This project use spark 3.2 with Scala to:
- Consume, clean and enrich VHS events from mongoDB and save the result into parquet file partitioned by codMonth (yyyymm) - Done
- Analyze and segment the enriched data to discover unknown patterns among the data. - In progress
How to build and create the jars enrich-vhs-data.jar(1) and analyze-vhs-data.jar(2)
sbt clean compile assembly
Docker is needed to run this project
Go to spark docker directory
cd [PROJECT_PATH]/docker/spark
Build spark docker from Dockerfile:
docker build -t scalac/spark .
Run spark container
sh run
Enter the spark container
sh shell
How to execute locally the vhs-data-enricher module (jar 1)
spark-submit
--class "VHSDataEnricher"
--master local[4]
enrich-vhs-data/target/scala-2.12/enrich-vhs-data.jar
--behavior=[daily | monthly | both]
--mongoUri=[MongoUriHere]
--database=vhs
--collection=events --fromDate=202101 --toDate=202112
How to execute locally the vhs-data-analyzer module (jar 2)

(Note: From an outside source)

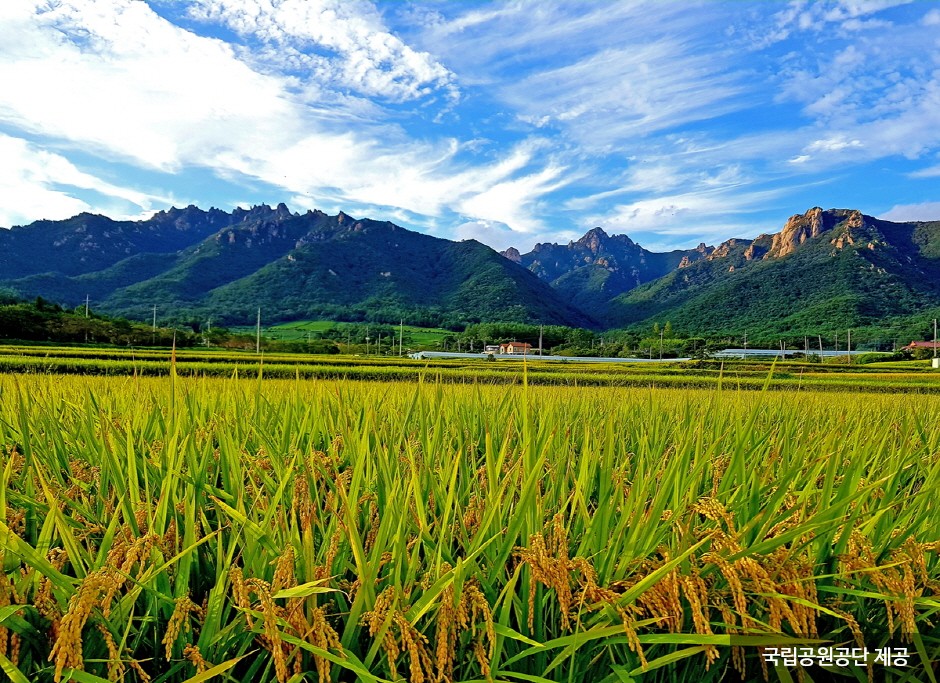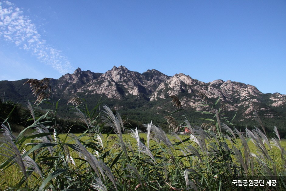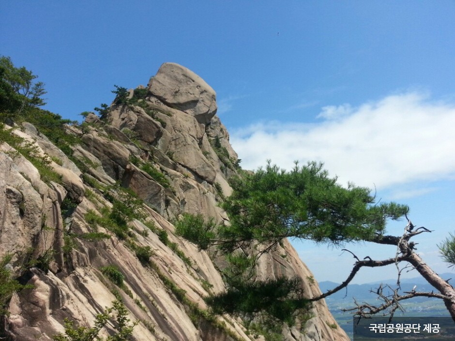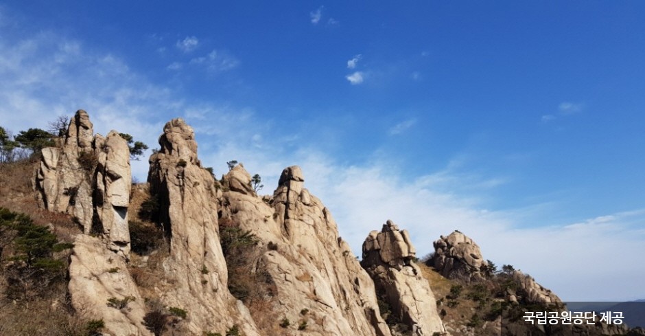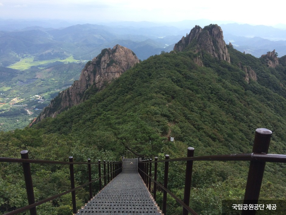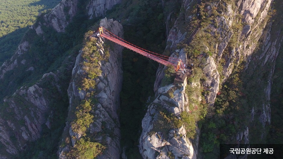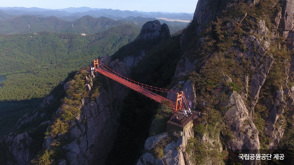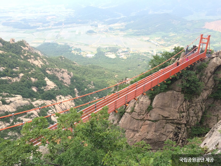 Wolchulsan Mountain, which means "moon rising mountain," is a national park in the southernmost part of Korea with beautiful nature. The mountain towering around Cheonhwangbong Peak at 810.7 meters above sea level stands out even more due to the flat land around it. The unique rock formations look differently depending on the angle, as a human face or animal shape, exuding overwhelming grandeur. More than 700 plant species and 800 animal species inhabit the area, and a subtropical forest and a warm-temperate forest coexist, making it very valuable to preserve. The ridge from the Cheonhwangsa Temple site or Baramgyegok Valley to Cheonhwangbong Peak, Gujeongbong Peak, and Dogapsa Temple is the main trail, which takes about six hours. The course’s most exciting point is the 120-meter high and 54-meter long red suspension bridge that offers a picturesque view of Wolchulsan Mountain and the fields and paddies under the mountain.

- Elbow method to determine the best number of cluster for the kMeans algorithm
spark-submit
--class "VHSDataAnalyzer"
--master local[4]
analyze-vhs-data/target/scala-2.12/analyze-vhs-data.jar
--behavior=[daily | monthly]
--mainPath=data/output
--folderName=enriched-data
--gameId=LOVE_COLORS
--fromDate=202101
--toDate=202112
--method=elbow
--fromK=3
--toK=30
- KMeans method to segment the data in k cluster
spark-submit
--class "VHSDataAnalyzer"
--master local[4]
analyze-vhs-data/target/scala-2.12/analyze-vhs-data.jar
--behavior=[daily | monthly]
--mainPath=data/output
--folderName=enriched-data
--gameId=LOVE_COLORS
--fromDate=202101
--toDate=202112
--method=k-means
--k=6
- LTV method to calculate the value of users per day
spark-submit
--class "VHSDataAnalyzer"
--master local[4]
analyze-vhs-data/target/scala-2.12/analyze-vhs-data.jar
--behavior=[daily | monthly]
--mainPath=data-models
--folderName=output
--gameId=LOVE_COLORS
--fromDate=202101
--toDate=202112
--method=ltv
--attribute=[user | cluster]
- Retention method to analyze the retention for all the days of 1 month
spark-submit
--class "VHSDataAnalyzer"
--master local[4]
analyze-vhs-data/target/scala-2.12/analyze-vhs-data.jar
--behavior=daily
--mainPath=data/output
--folderName=enriched-data
--gameId=LOVE_COLORS
--method=retention
--startMonth=202110
--idleTime=0